Art. XX(a), more commonly known as the ‘public morals’ exception, allows countries to adopt or enforce trade measures “necessary to protect public morals”. But what exactly is encompassed within the scope of this clause, is a question that went unanswered for over fifty years, as no adjudicatory body expounded on its meaning. However, in 2005, the World Trade Organization (WTO) in the US-Gambling54case breathed new life into the exception by defining public morals as “standards of right and improper conduct maintained by or on behalf of a community or nation”. U.S.-Gambling alsoappeared to endorse an evolutive interpretation of public morals.55 The Panel stated unequivocally that “the content of [public morals] can vary in time and space, depending upon a range of factors, including prevailing social, cultural, ethical and religious values”; a position that was reaffirmed by the Appellate Body.

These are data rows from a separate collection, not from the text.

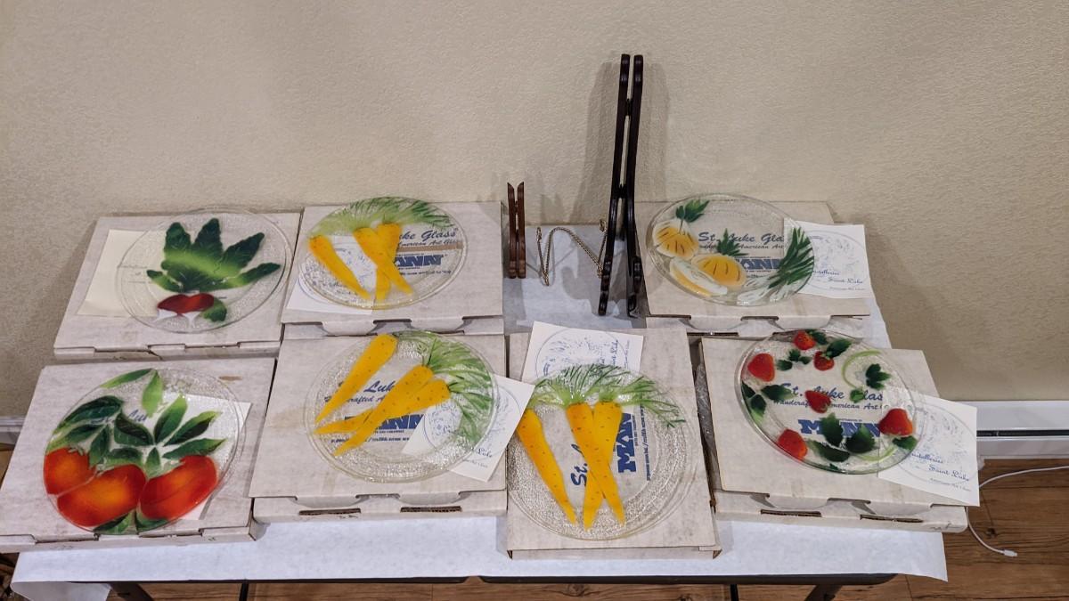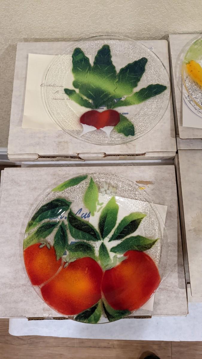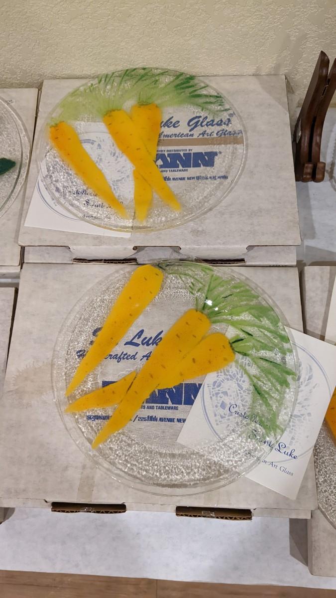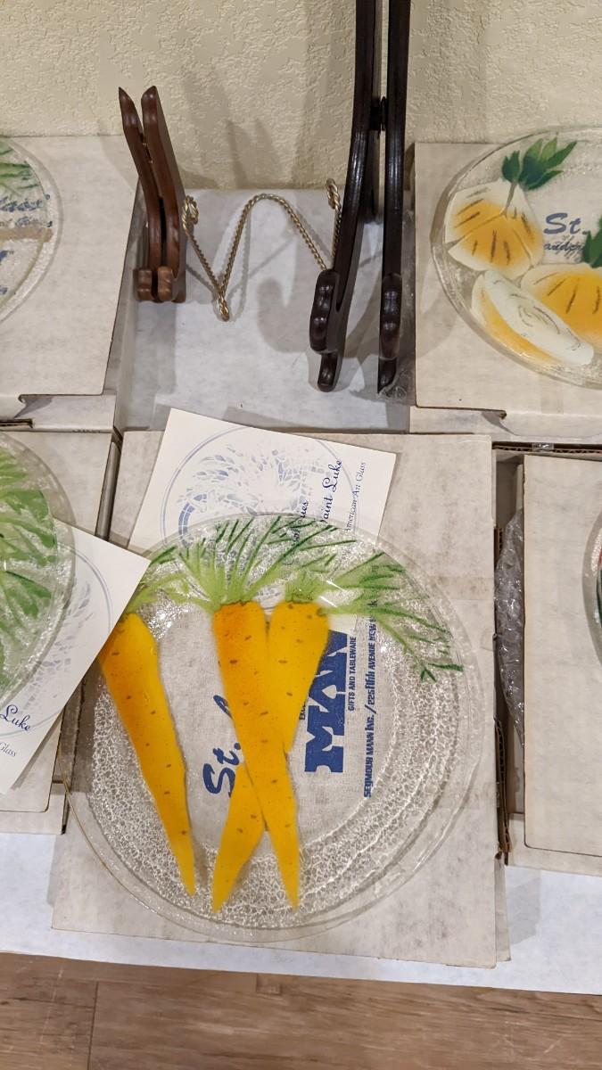 7ea, all with original boxes and paperwork. Each in excellent condition. includes 3 carrot plates, 1 onion, 1 strawberry, 1 radish, and 1 tomato. 3 plate display stands included.
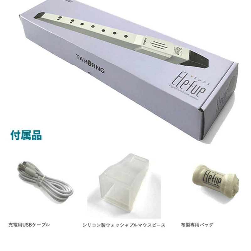 エレフエはどなたでも手軽に演奏を楽しむことができる電子リコーダーです。リコーダーをはじめ、サックスやクラリネットなど、10種類の音色を搭載し、ソプラノリコーダーと同じ運指で演奏を行うことができます。 本体にバッテリーとスピーカーを内蔵しているため、ケーブルレスでお使いいただける他、ヘッドフォン端子も装備しているため夜間の練習にも最適です。また、BluetoothによるワイヤレスMIDI機能も搭載しており、BLE-MIDI対応機器と接続することで外部音源をエレフエからコントロールすることも可能です。 《主な特徴》 ● ポータブルかつ洗練されたデザイン ● 取り外しが可能なシリコン製マウスピースを採用 ● 10種類の内蔵音色 ● 2種類の運指を搭載(バロック式/ジャーマン式) ● 3段階のブレス感度調整機能を搭載 ● トランスポーズ機能を装備 ● ワイヤレスMIDI機能を搭載 ● ヘッドフォン端子を装備 ● 800mAhの充電式リチウムイオンバッテリーを搭載 《内蔵音色》 1 ソプラノリコーダー 2 ひょうたん笛(フルス) 3 テナーサックス 4 アルトサックス 5 ソプラノサックス 6 バンブーフルート 7 フルート 8 クラリネット 9 トランペット 10 スオナ・チャルメラ 《仕様》 ・音色:10音色 ・運指モード:1 rリコーダーモード(ジャーマン式/バロック式)・2 Sシンプルモード) ・音域:リコーダーモード(C4からD6) シンプルモード(C3からC6) ・キートランスポーズ:±12半音 ・本体材質:ABS樹脂 ・ブレス感度:3段階 ・端子:ヘッドホン/ライン出力、マイクロUSB-Bタイプ ・電源:5V-USB電源。充電式リチウム電池内蔵。フル充電で3時間演奏可能 ・寸法:32.2 x 3.3 x 2.6 cm ・箱寸法:35.4 x 9.0 x 4.6 cm ・本体重量:105g ・付属品:シリコン製ウォッシャブルマウスピース、マイクロUSB-Bケーブル、布製バッグ、日本語取扱説明書、運指表
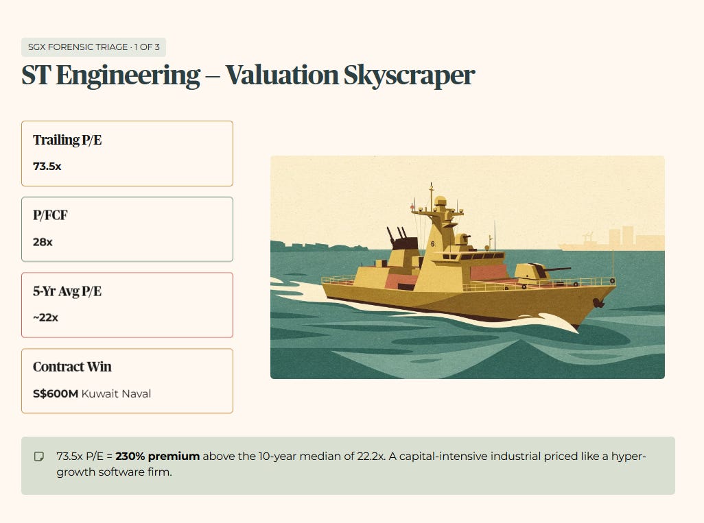 ST Engineering secured a S$600 million subcontract for eight Kuwaiti missile gun boats. The headline is real, the order book is growing, and the defence sector tailwinds are genuine. But the market has already priced all of that in — and then some. The stock now trades at a trailing P/E of 73.5x. That figure is verified. It is not a rounding error.
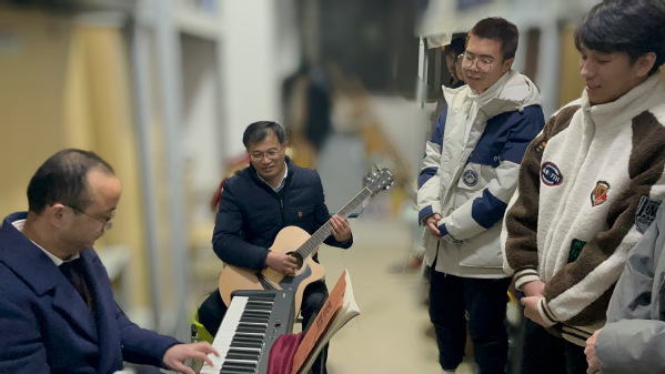 随后,王义华一行来到员工宿舍,对宿舍安全、卫生设施等方面进行了全面检查,在走访过程中一再叮嘱员工降温期间注意添衣保暖并保持良好的生活习惯,自觉营造温馨、整洁的生活环境;强化安全意识,坚决清除各类安全隐患;鼓励大家培养艺术、体育等爱好特长,提升综合素质。走访最后,两位领导更是亲自施展才艺与同学们合作奏唱歌曲《我和我的祖国》,大家热情高涨,现场掌声如雷鸣!
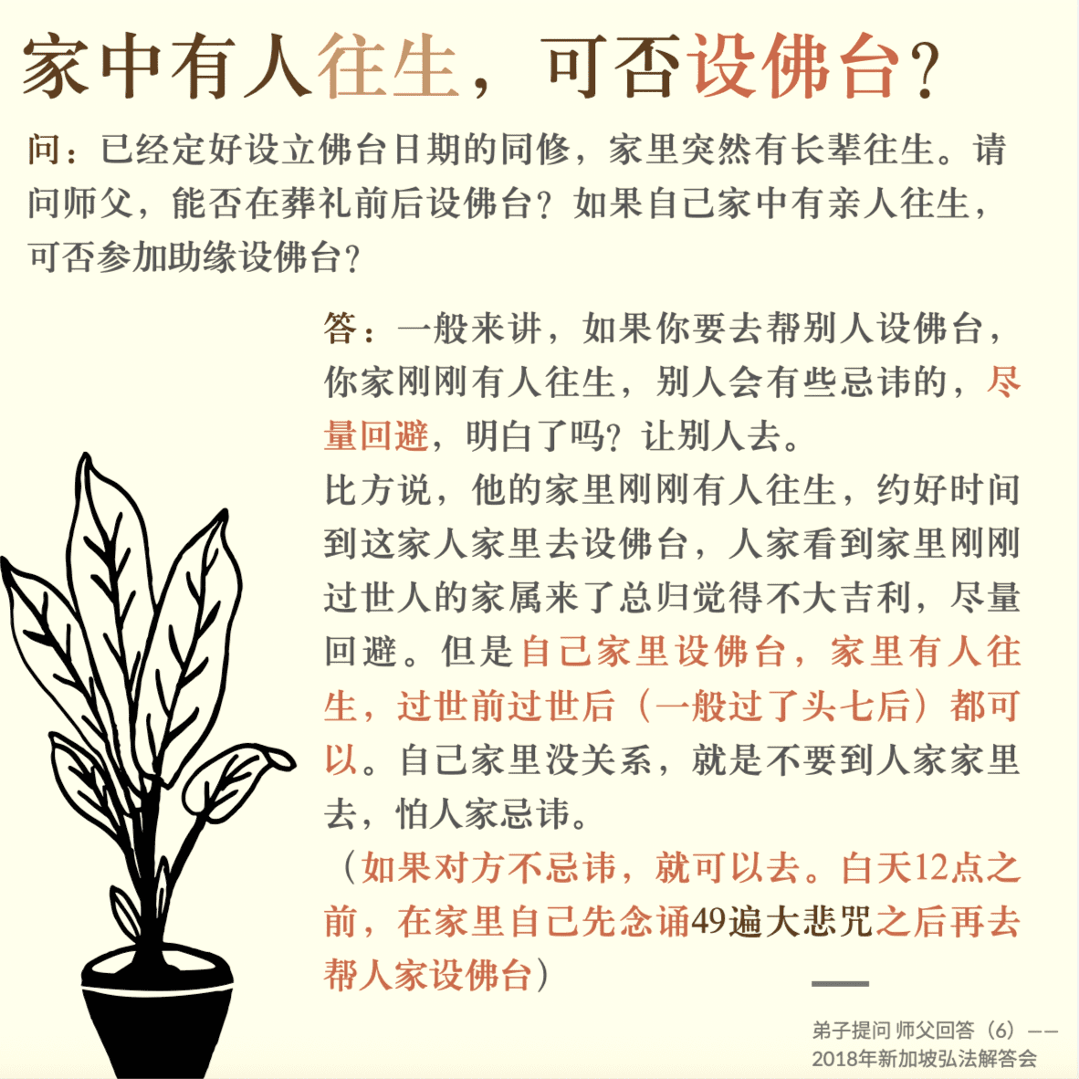 不限会员 家中有人往生,可否设佛台(【6】2018新加坡)

Various scholars have embraced this idea and dynamically interpreted the ‘public morals’ exception with a view to integrating fundamental human rights and labor values within the GATT regime.57 The United Nations High Commissioner for Refugees (UNHCR) has noted that ‘the very idea of public morality has become inseparable from the concern for human personhood, dignity, and capacity reflected in fundamental rights’.58 Thus, the ‘public morals’ exception should sustain trade sanctions on products related to extreme forms of child labor, forced suppression of workers’ rights, racial discrimination and other objectionable services such as prostitution, child pornography etc.

IV. CONCLUSION

The Seattle Round witnessed the discordant voices from the environmentalist and human rights lobby censure the WTO for vociferously promoting the neoliberal agenda, marked by an utter indifference towards non-economic interests. However, the claim that the WTO promotes free trade whilst displaying sheer disregard towards environmental values or human rights standards is far from the truth. Moreover, it is a policy misjudgment to presume that trade and noneconomic interests represent conflicting objectives that cannot be pursued contemporaneously.

Thus, the way forward lies in effectively balancing trade, environment and human rights concerns within the GATT/WTO regime. The said balancing act necessitates that the object of greening the GATT and humanizing the WTO should be pursued in a manner that keeps the protectionist forces at bay — thereby, allowing every WTO member to pursue an independent path to sustainable development.